門倉伊織と香月結菜は、たくさんの時間を共有して生きてきた二人だ。
複雑な家庭で育った彼らは、すでに自らの親よりも幼馴染と過ごした時間のほうが長くなっているほど。
そのため、二人のお互いに対する理解は深い。
伊織はその長年の経験から、今日の結菜の行動は怪しいと考えている。
にこやかに笑う香月結菜。
彼女は学校で絶対的な高嶺の花と呼ばれるだけあって、外では穏やかで淑やかに振る舞う女の子だ。

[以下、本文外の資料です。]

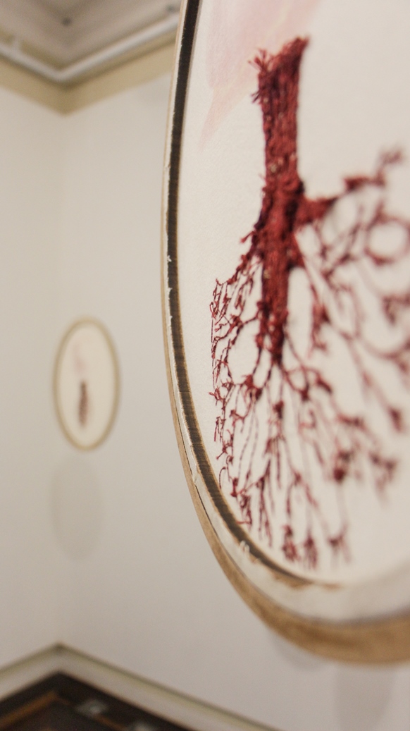 A figura do corpo feminino sempre apareceu muito em meus trabalhos, e, cada vez mais, o bordado me pareceu oportuno para falar dele: bordar, bordar-se, abordar-se, e finalmente, transbordar. Isso porque todo meio que usamos, tem a sua própria fala, sua própria expressão; tanto na sua materialidade – suas texturas, cores, formatos – como também no seu processo histórico. Usá-lo para falar do corpo feminino é contar uma história sobre as mulheres, suas expressões, opressões, e também suas resistências. Pesquisar essa história é desvendar o outro lado das histórias hegemônicas da arte; é se deparar com estruturas e hierarquias construídas para desmerecer, diminuir e, sobretudo, invisibilizar tudo o que as mulheres construíram através dos anos; é se dar conta de que a versão da história que conhecemos hoje pode, de um lado, parecer uma linha comportada e reta, e de outro, pode ser um emaranhado de fios e pontos soltos. Para toda história, existe um avesso. Ele habita os silêncios, as pausas, os livros que nunca foram escritos. As narrativas dos lados de fora da biblioteca e nos espaços vazios entre as prateleiras. Foi a partir daí, no desenrolar dessas histórias, me aventurando pelos avessos, que percebi que fazia pouco sentido a idéia de um uso artístico de um meio artesanal; que não me bastaria buscar artistas contemporâneas que trabalhassem com técnicas têxteis, ou determinar o uso “artístico” dessas técnicas. Busquei ao invés disso questionar, afinal, o que essa fronteira entre artesanal e artístico realmente significa, e quais as construções por trás dessa divisória que naturalizamos.
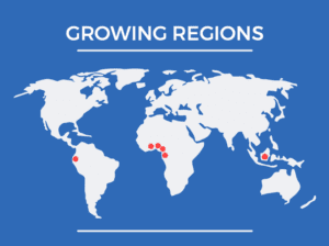 Cocoa grows in tropical regions around the world. West Africa (mostly Ivory Coast,
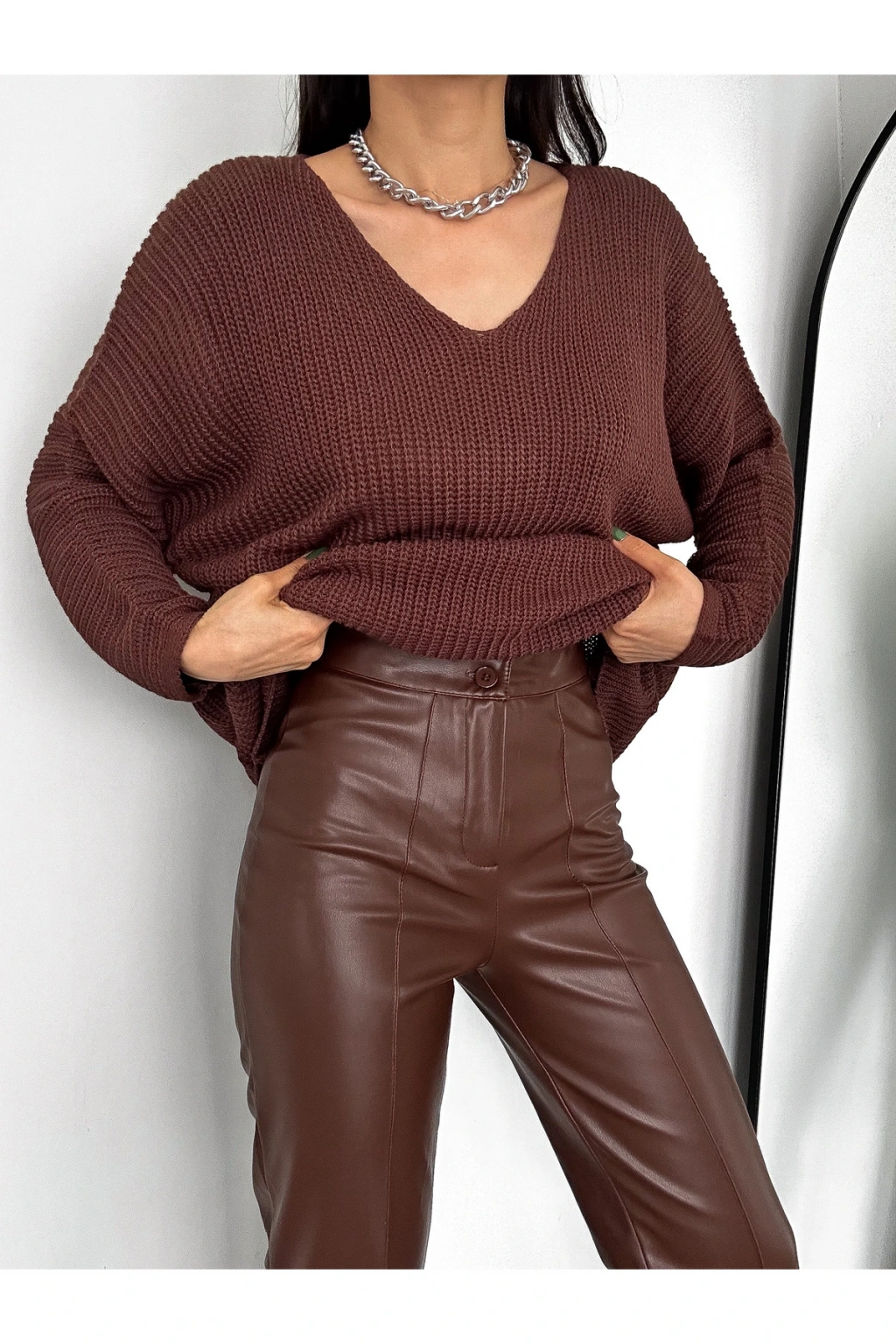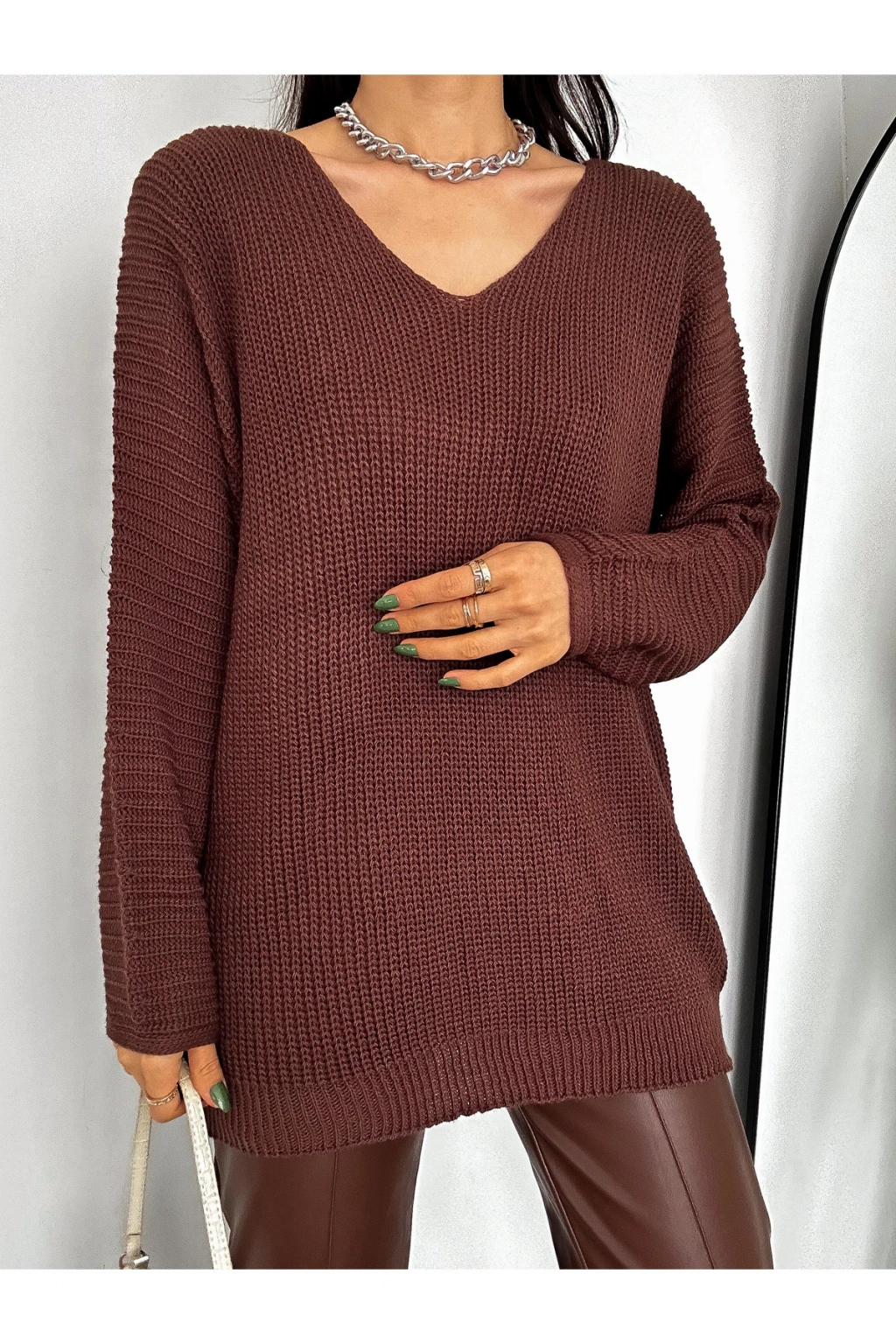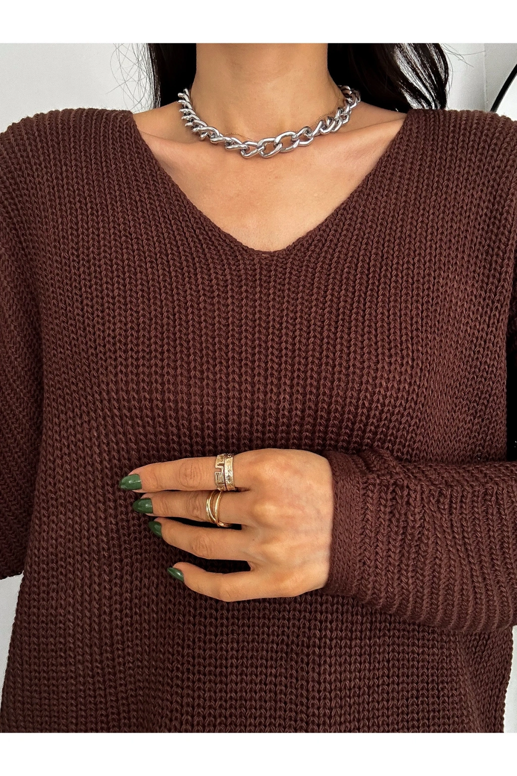 V Yaka Detaylı Modern ve Sade Örgü Kazak Modeli
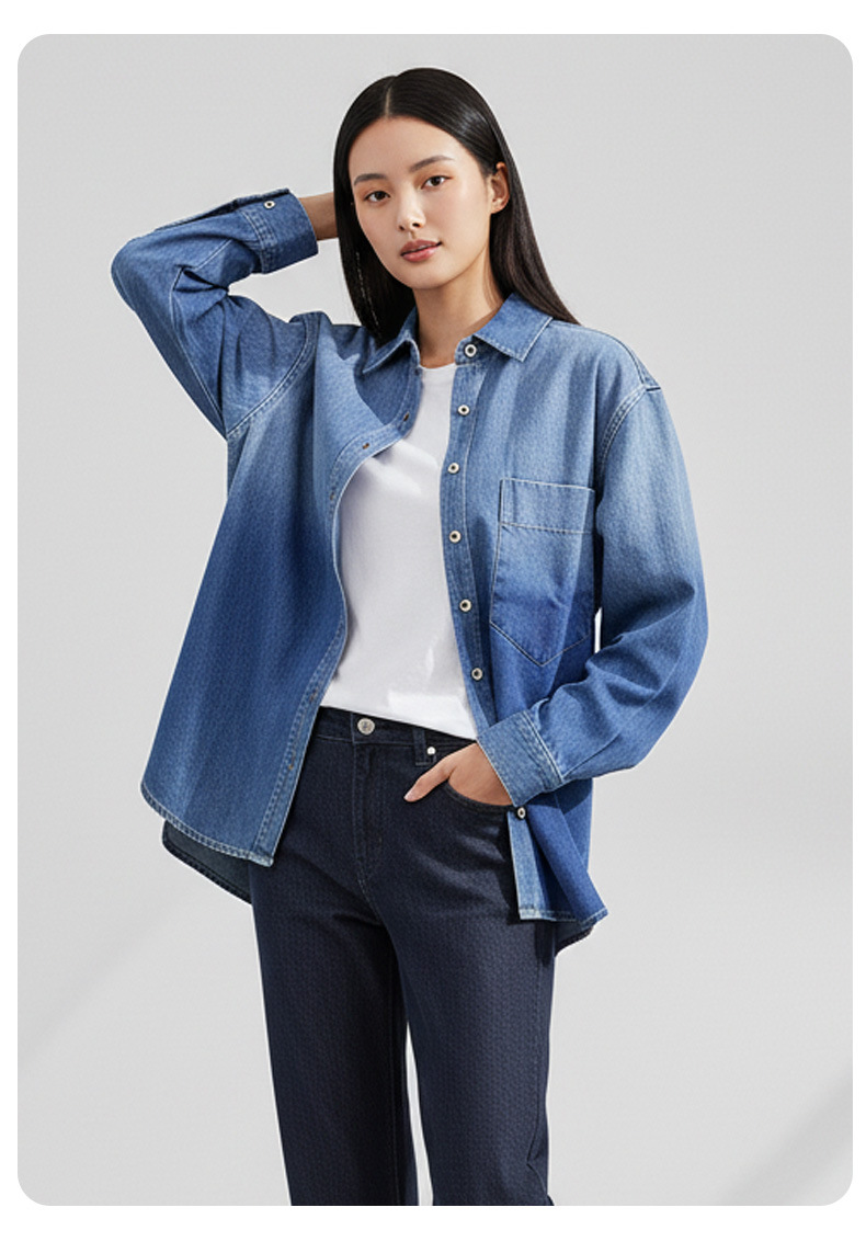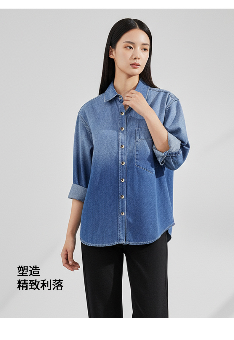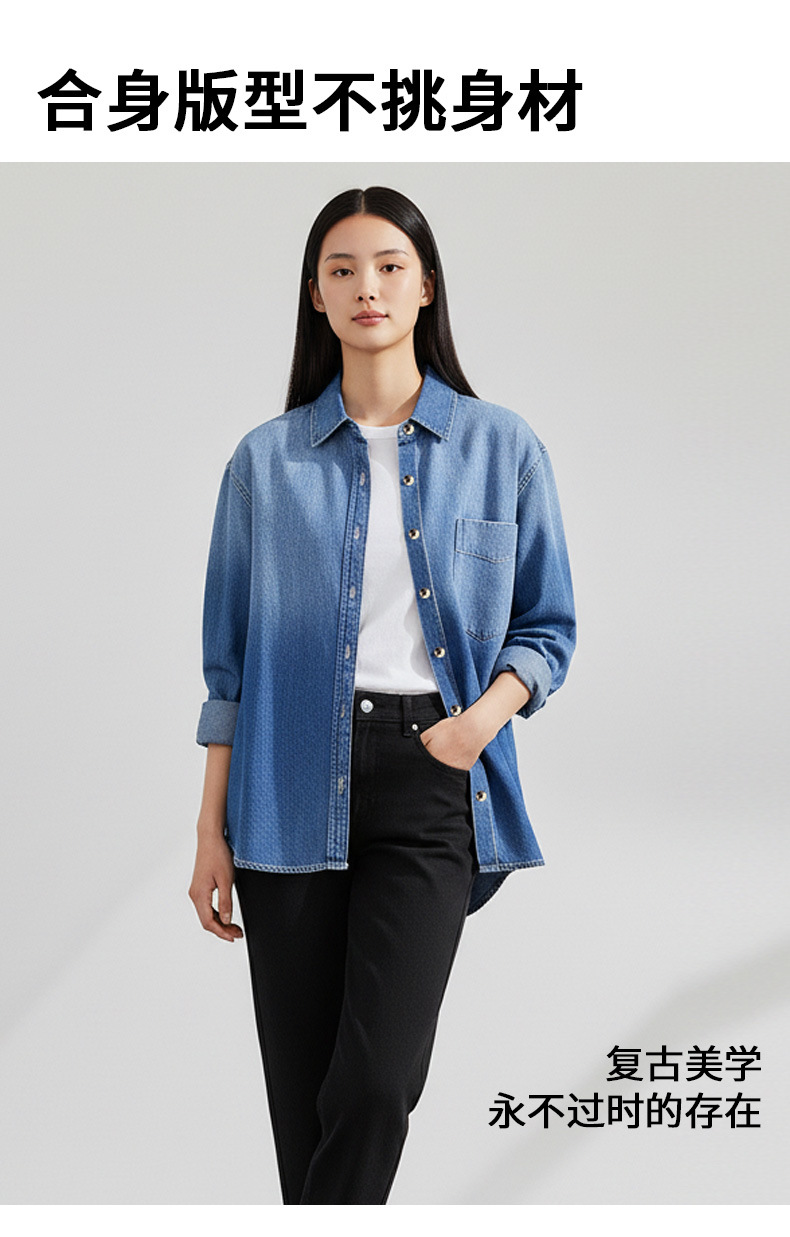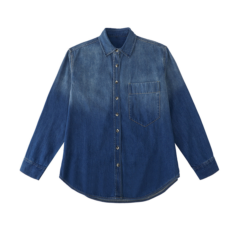 women's denim jacket spring new casual loose top slimming retro bandage dress french joker shirt long sleeve
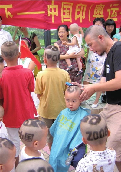 昨天,吳大勝(右一)正在一名小朋友頭上“創作”。北京市民吳大勝這幾天忙著免費為小區的孩子理“奧運頭”,以迎接第29屆奧運會。他在孩子們的頭上理出多種圖案,受到歡迎。
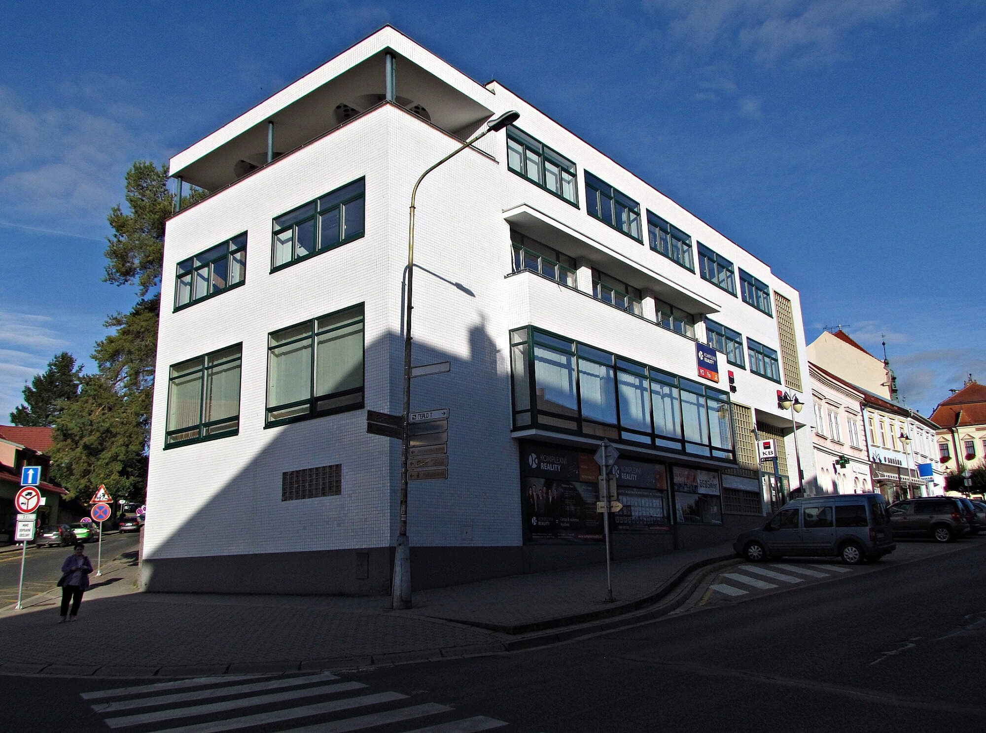 Jedná se o třípatrový a dvoukřídlý objekt, přičemž hlavní křídlo je souběžné se zástavbou rynku a boční křídlo postavené na něj kolmo trčí do ulice Dvořáčkovy. Každého nepochybně zaujme pohled na jeho zajímavou členitou podobu s velkými okny (a v nejhořejším patře s terasou) a také na tu zvláštní fasádu, která byla obložena bílým opaxitem.
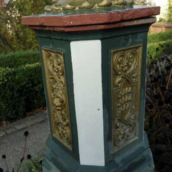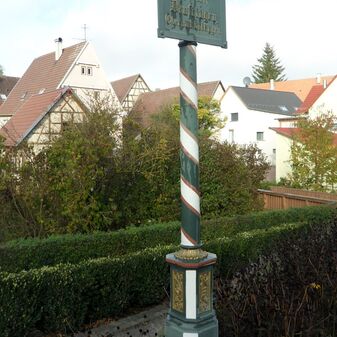 Oberamtstafel aus Gusseisen mit kolorierter Inschrift; errichtet 1863. Befriedigend erhalten. 275cm hoch, 51cm breit, renoviert um 1980.
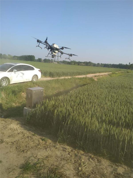 現(xiàn)在正值小麥孕穗抽穗期的關(guān)健時間節(jié)點,也是各種病蟲害的高發(fā)期,做好這一時期的田間管理工作對確保小麥的豐收至關(guān)重要。將殺蟲劑、殺菌劑、微肥、抗旱劑等混合加水噴霧能同時實現(xiàn)防治小麥病蟲害,預(yù)防干熱風(fēng),防治倒伏和增加千粒重的效果。利用無人機作業(yè),提高了工作效率,提升了用藥效果,降低了勞動成本。
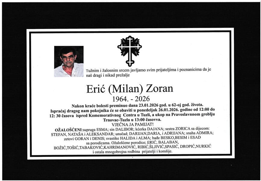 Prerano nas je, u 62. godini, napustio sugrađanin, komšija i prijatelj, Zoran (Milana) ERIĆ. Upućujemo mu posljednji pozdrav. Počivao u miru Božjem. Laka mu bh. zemlja
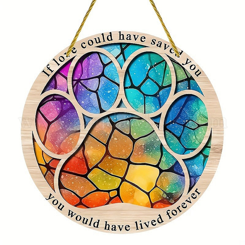 • Плоский Круглый Если бы любовь могла спасти тебя, ловец солнца, украшение с отпечатками лап собаки, акриловая оконная панель, подвесные украшения для дома на окно, плоско-круглые, 150 мм
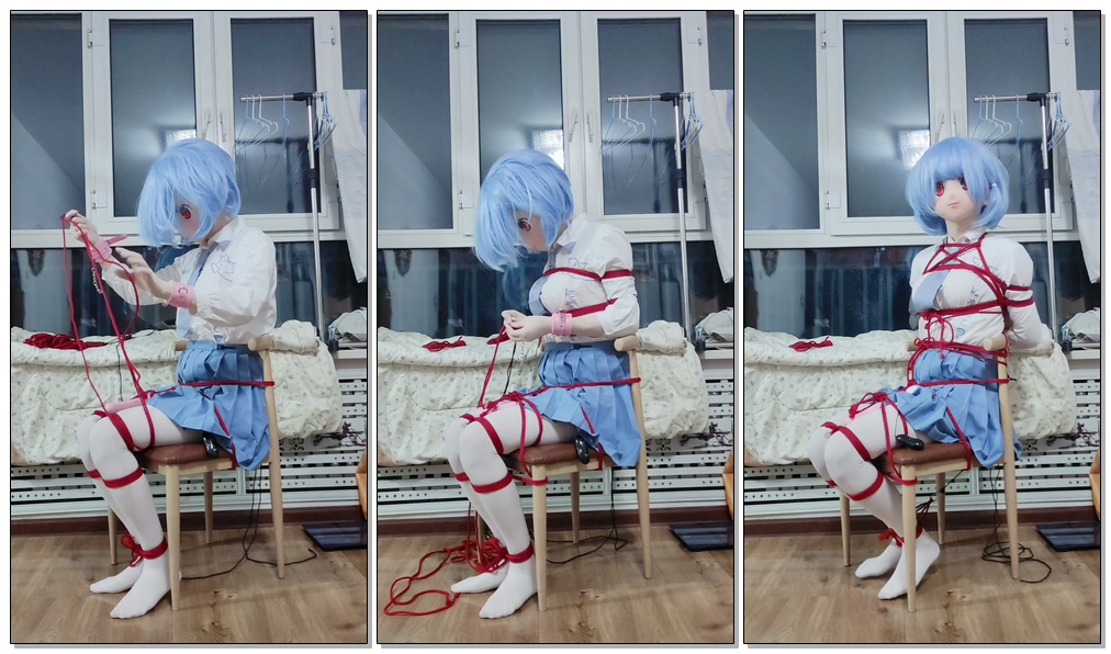 这次是在椅子上自缚,比沙发那次成功,双腿并排捆绑,脚腕用紧绳器连接在椅子背上,只要拉动紧绳器,就可以把脚拉高,最高可以拉但脚尖离地,自己玩的时候又忍不住作死,双脚已经拉的很紧了,还是用力把脚抬起来,尝试拉的更紧。

もちろんそれは結菜の性格の一部なのだが、彼女にはあまり知られていない別の一面もある。
「おまえが起こしに来てくれることは……まあ珍しくないけど、でもここまで優しいのはなんか裏がありそうな気がするんだよな」
結菜はいつでも遊び心を忘れない、明るく生き生きとした少女でもあった。
そして心を許しきった伊織には、その遊び心からお茶目なイタズラを仕掛けて楽しむことも多い。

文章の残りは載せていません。